You are viewing a plain text version of this content. The canonical link for it is here.
Posted to user@hive.apache.org by kumar avijit <av...@oracle.com> on 2012/08/04 00:16:58 UTC
Parsing nested joins in Hive
Hi Hive users,
According to the grammar for Joins at
https://cwiki.apache.org/confluence/display/Hive/LanguageManual+Joins,
Hive should be able to parse joins where the table reference on the
right-hand side is itself a join. For instance, one should be able to
specify (a join (b join c)) as:
a LEFT SEMI JOIN b LEFT SEMI JOIN c ON b.x = c.x ON a.y = b.y
However, I have been unsuccessful in issuing such queries to Hive. I am
using Hive-0.9.0:
hive> select * from orderdetails left semi join orders left semi join
sites on (sites.siteid = orders.siteid) on (orderdetails.orderid =
orders.orderid);
FAILED: Parse Error: line 1:104 mismatched input 'on' expecting EOF near ')'
Explicit parenthesization of the join leads to parse error too --
parenthesis supposedly signals start of a subquery.
hive> select * from orderdetails left semi join ( orders left semi join
sites on (sites.siteid = orders.siteid) ) on
(orderdetails.orderid=orders.orderid);
FAILED: Parse Error: line 1:44 cannot recognize input near 'orders'
'left' 'semi' in subquery source
1. It seems to me that Hive parser currently only supports joins
specified in a left-recursive manner, i.e, rhs limited to a table name.
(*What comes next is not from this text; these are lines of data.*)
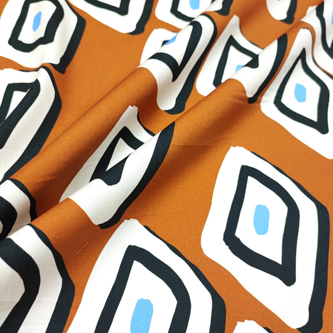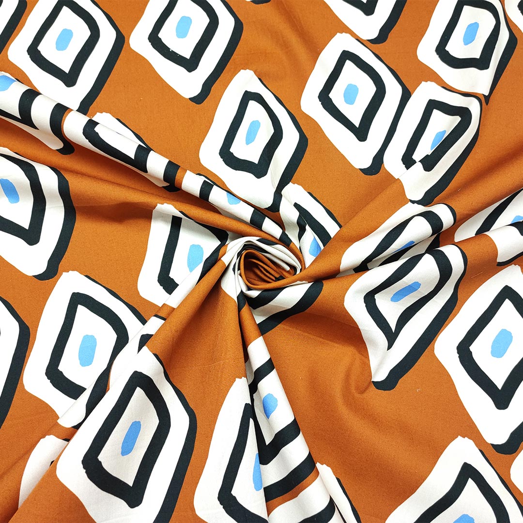 Tessuto Popeline di cotone a fantasia motivo geometrico ruggine – celeste – bianco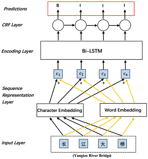 - Ma, X.; Hovy, E. End-to-end Sequence Labeling via Bi-directional LSTM-CNNs-CRF. In Proceedings of the 54th Annual Meeting of the Association for Computational Linguistics, Berlin, Germany, 7–12 August 2016; Volume 1: Long Papers, pp. 1064–1074. [Google Scholar]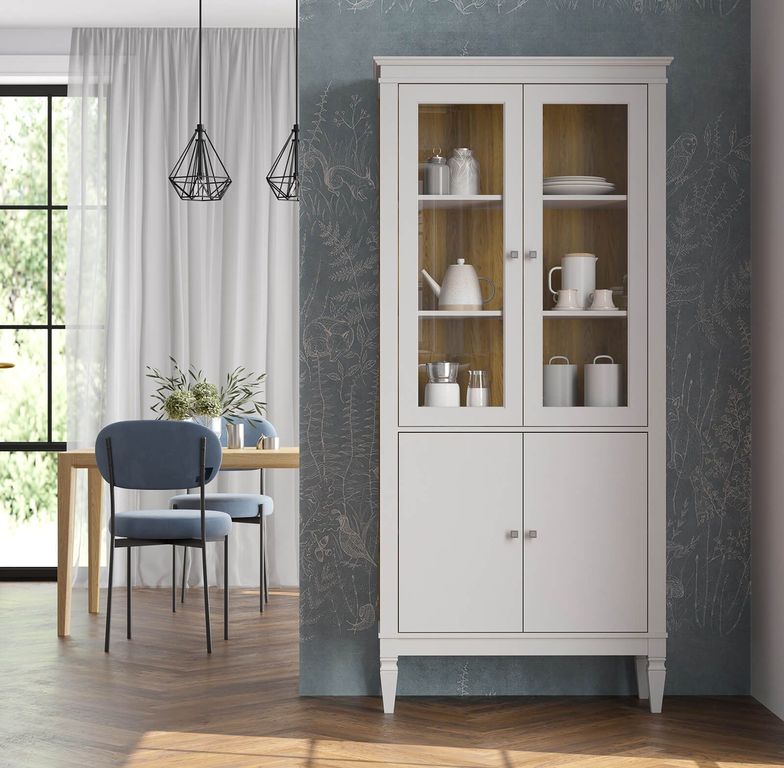 Описание: шкаф для посуды "Ольса-С" 202 - отличный вариант для хранения. Оснащен четырьмя вместительными полками за двумя стеклянными дверями и двумя глухими дверями.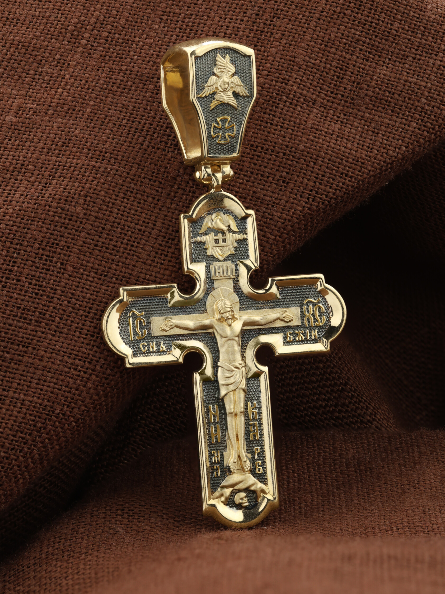 На лицевой стороне креста изображено Распятие Господа и Спасителя нашего Иисуса Христа. Христос, подвергнутый на кресте мучительной казни, своими страданиями искупил нас от древнего греха и даровал нам жизнь вечную. Без Распятия не было бы Воскресения Христова, и поэтому Крест из орудия казни обратился в святыню, в которой действует Благодать Божия. Над Распятием изображен Дух Святой в виде голубя, сходящего с Небес. Распятие сопровождается каноническими надписями. На верхней табличке, выше головы Иисуса, расположена надпись, составленная Понтием Пилатом на трех языках — «IНЦI». Она означает «Иисус Назорей, Царь Иудейский». Надпись «IС ХС» означает Иисус Христос и помещается на разных сторонах поперечной (большой) перекладины креста. Ниже — словосочетание «СЫН БОЖИЙ», что означает божественную природу Иисуса Христа. Крест стоит на горе камней, символизирующих Голгофу. В ее основании различается череп — это голова Адама. Надписи «Ника», что означает Победитель, и надпись «МЛРБ» — «место лобное рай бысть», что означает место лобное стало раем, размещены в нижней части креста. На кулонном кольце изображен шестикрылый Серафим.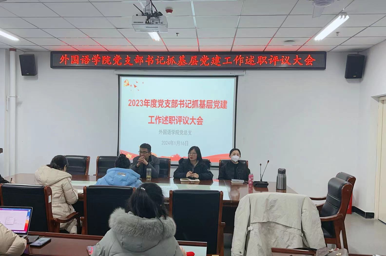 2024年1月16日下午,外国语学院党总支在文学艺术中心402室召开外国语学院2023年度党支部书记抓基层党建工作述职评议大会。党总支书记蔡志、宣传委员芦晓莉、统战委员及青年委员蔡鸣、各支部书记及委员参加了此次大会。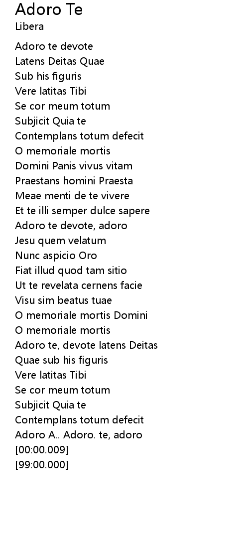| [03:20.09] | Adoro A.. Adoro. te, adoro |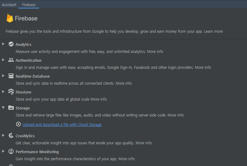파이어베이스에 사진을 업로드하기 위해선 안드로이드 프로젝트와 파이어베이스가 연결되어야 합니다.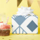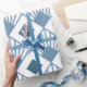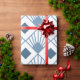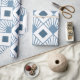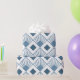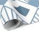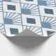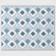 Este papel de embrulho tem um design de arte de diamantes azuis empoeirados com linhas diagonais e diamantes azuis escuros em um campo de branco.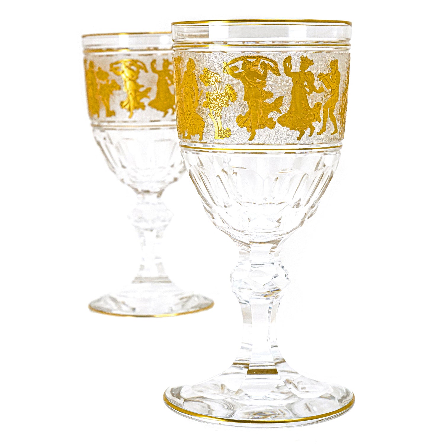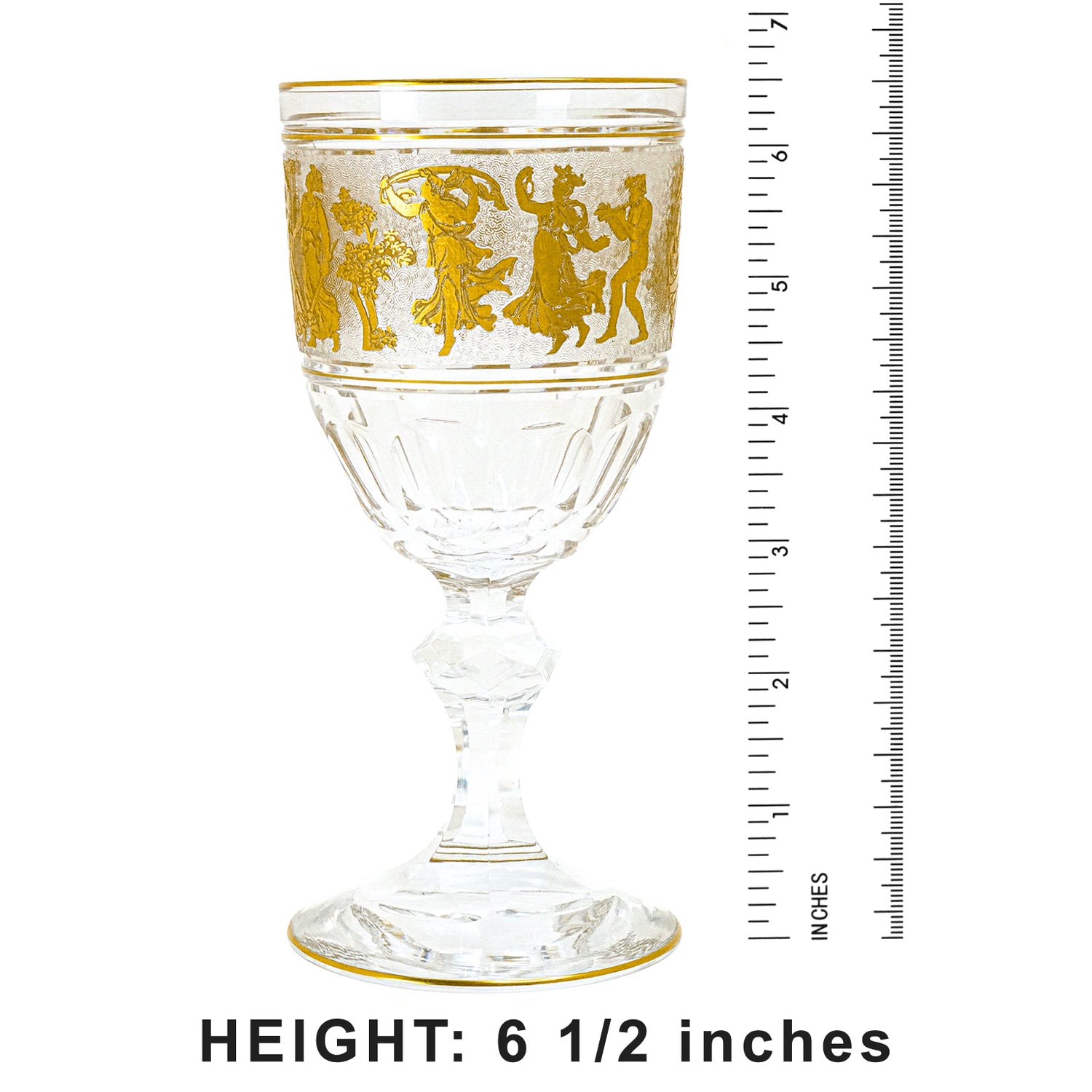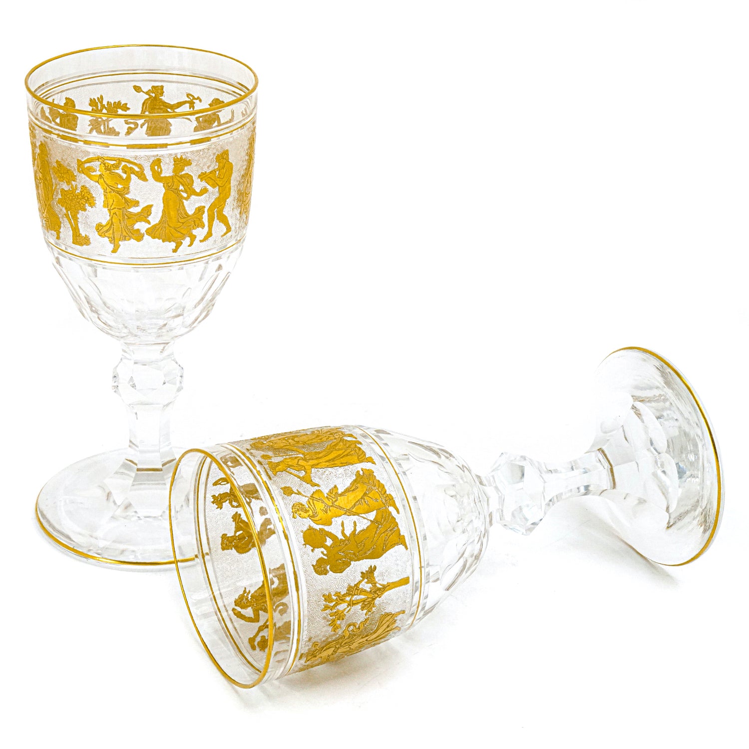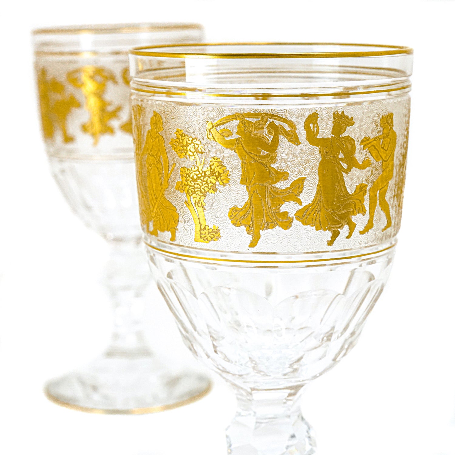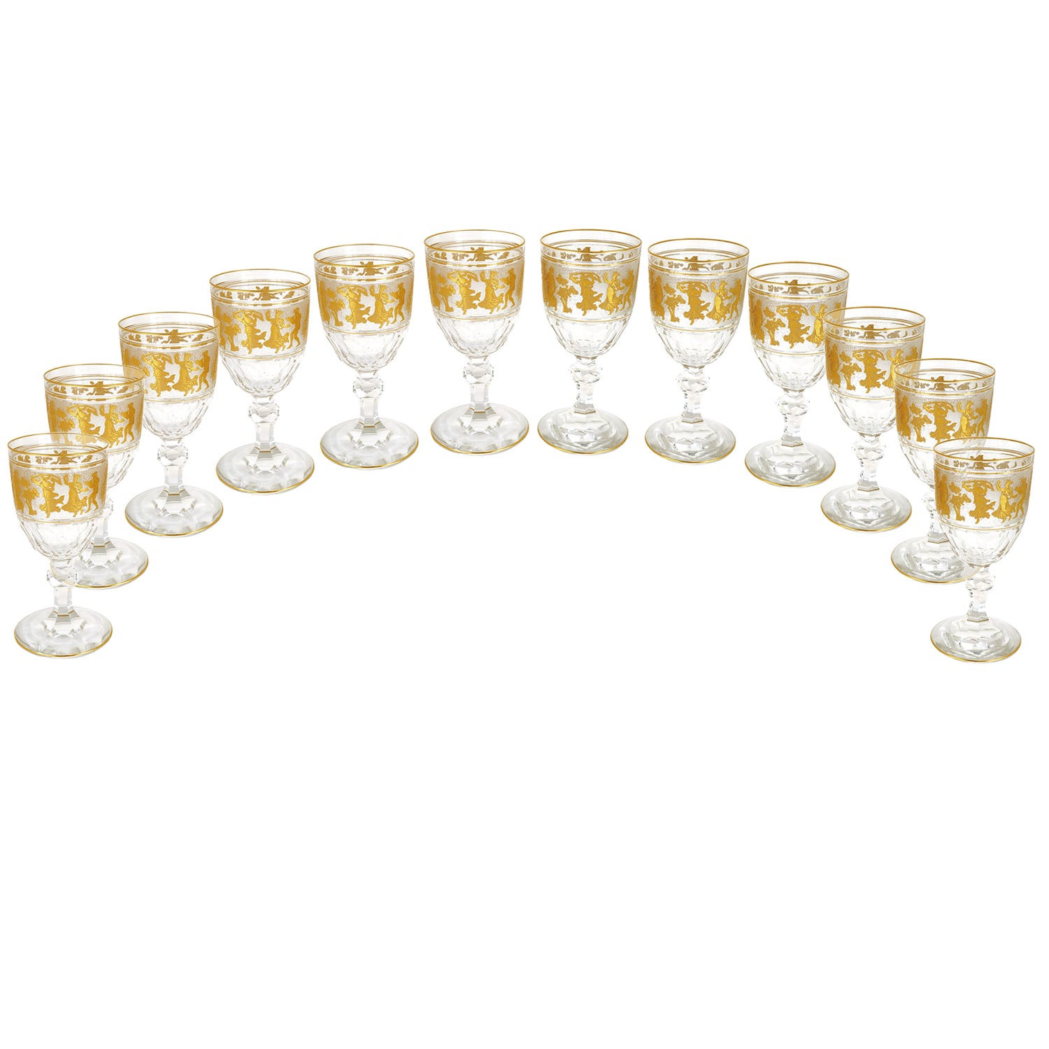 Circa 1920s, by Val St. Lambert, Belgium. This set of Val St. Lambert "Danse de Flore" water goblets are 12 plus a spare for 13 total. Perfect for water or wine, these old production glasses in clear-cut crystal with gilded decorations and details set a sharp table. Excellent condition.

Is this correct? The manual merely says that all Joins are assumed
left-associative, but I could not find a mention of whether
parenthesization is allowed for nesting.
2. Are there plans to support arbitrarily nested joins in future, if not
currently allowed?
Regards,
Avijit
Re: Parsing nested joins in Hive
Posted by "Tucker, Matt" <Ma...@disney.com>.
Hi,
Try the following statement instead:
Select *
from orderdetails
left semi join (
select orderid
from orders
left semi join sites on
orders.siteid = sites.siteid
) orders on
orderdetails.orderid = orders.orderid;
Matt
On Aug 3, 2012, at 6:17 PM, "kumar avijit" <av...@oracle.com> wrote:
> select * from orderdetails left semi join ( orders left semi join
> sites on (sites.siteid = orders.siteid) ) on
> (orderdetails.orderid=orders.orderid);